Балгын без роздыху, в любую погоду, гудел в каменном ущелье. Осенью же в обложные долгие дожди, когда дымные тяжелые тучи сползали к самому подножью гор, возле которых курились, чернея и сжимаясь, деревянные пятистенки и мазанка Садыка, — вспухал, мутнел Балгын, сам шайтан, чудилось, переселялся в него: бешено ярился, клокотал, пугая утробным, как бы идущим из земли гулом, громовыми раскатами рушившихся оползней: И Садык Тулекпаев, оставаясь ночами приглядывать за известковой «курней», ждал в тревоге, немея: явится шайтан за ним, смоет холодным мутным накатом взбушевавшейся реки или накроет, раздавит каменным обвалом.
Но судьба его, выходит, хранила.
У студеной, норовистой речки ютилось несколько деревянных домов русских: промышляли охотой, «курили» на заимках древесный уголь, «варили» деготь, в ущелье дымились земляные печи-курни, в которых обжигали известь.
Поначалу, после переезда сюда, вроде стало семье лучше, перепадали то мука, то мясо, вернее, чаще доставались осердие да требуха, и в те дни в их мазанке даже светлело, точно бы прятался, затаивался в щели извечный мрак и сам собой возникал праздник — жарились, плавясь в весело шкворчавшем бараньем жиру на дне казана, округлые кусочки теста, одевались хрустящей корочкой, в котле варилась белая с мороза, порубленная кусками требушина…
Зима разразилась лютая, метельная, не сковывала землю привычным гулко-стальным панцирем — то и дело срывалась буранами, накатывала кряду затяжными, многодневными, свистящими снежными валами, завывала и переметала улочки поселка, загоняла все живое в дома под слабую защиту жилья, и люди замаялись, кляли на чем свет стоит непутевую, «с цепи сорвавшуюся» непогоду.
И вместе с зимой пришли голод, болезни.
Начали умирать, уходить из жизни «балачата» в поселке: голод, корь и тиф уносили их. Пометили они и братьев Садыка. Постаревшая в горе мать твердила, что и тут их настиг шайтан, завешивала квадратики окон, проем двери мазанки лоскутами черной материи — ставила заслон шайтану. Однако тот оказался изворотистым, пригадывал подходящий случай, прорывался безошибочно: за зиму не стало у Садыка двух братьев…
Когда впервые появился здесь Посохин на пароконной телеге, не помнили; ездил он от дома к дому, скупал сырые кожи, в обмен предлагал ходовой товар — пимы, материю, нитки, плиточный чай, да, видно, покорило это место нэпмана, оставив повозку, ходил Посохин к ущелью, откуда вырывался Балгын, высматривал, прикидывал, остался даже заночевать. Утром пароконка его скрылась по дороге в Нарымское. А потом в поразивший людей короткий срок поставил Посохин выше Садыковой мазанки, по косогору, кирпичный дом под железом, обнес его прочным палисадом, привез жену Капитолину Петровну, дородную, белотелую, будто сдобная шаньга.

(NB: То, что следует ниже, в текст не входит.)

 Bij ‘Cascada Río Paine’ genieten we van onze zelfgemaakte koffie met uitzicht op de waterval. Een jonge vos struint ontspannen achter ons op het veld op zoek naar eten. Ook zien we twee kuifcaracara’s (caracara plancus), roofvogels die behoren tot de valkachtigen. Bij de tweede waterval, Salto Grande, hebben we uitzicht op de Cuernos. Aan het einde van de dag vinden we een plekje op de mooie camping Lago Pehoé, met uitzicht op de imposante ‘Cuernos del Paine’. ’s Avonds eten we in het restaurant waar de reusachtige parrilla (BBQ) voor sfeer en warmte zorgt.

Ниже поселка, в узком месте Балгына, в теснине, возвел плотину, водоотводы к дробилке древесной коры, — громадные деревянные песты вздымались, били, размалывали кору; врыл в землю огромные чаны, в них вымачивались, квасились кожи, — диковинный кожевенный заводик Посохина начал работать, меняя привычный уклад поселка.

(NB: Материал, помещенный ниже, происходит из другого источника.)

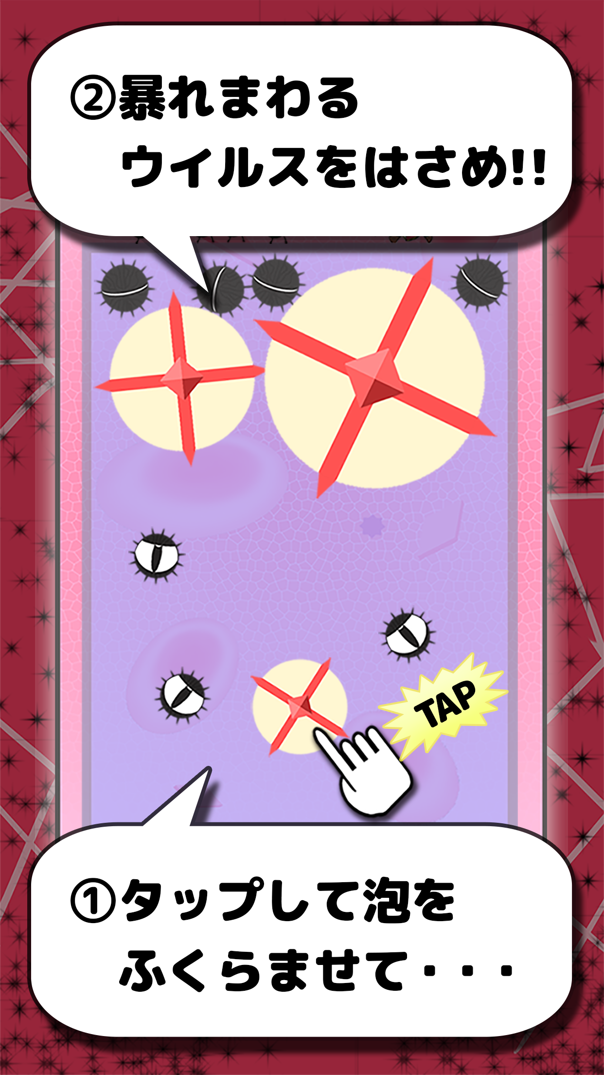 ルールはとってもカンタン。画面をタップして白血球を膨らませ、ウイルスを挟んで動きを止めよう。

Дела пошли круто, доходно: кожи к Посохину везли со всей округи — русские, казахи, и Посохин не скрывал своих планов — построить узкоколейку к Нарымскому, расширить завод, поставить сапожный да шевровый цехи, открыть торговые лавки в Нарымском, Гусиной пристани, а то и в самом Семипалатинске. Уже реже ездил Посохин на пароконке по округе, — стояла телега в заводском сарае, смазанная, покрашенная. Мать Садыка да братишка с сестрой, оставшиеся в живых с зимы, и служили в посохинском доме, на «черной» половине: прибирали двор, ухаживали за коровами, чистили конюшню, — Посохин выезжал в легкой кошеве, сам — в собачьей дохе, на ноги брошена медвежья полость.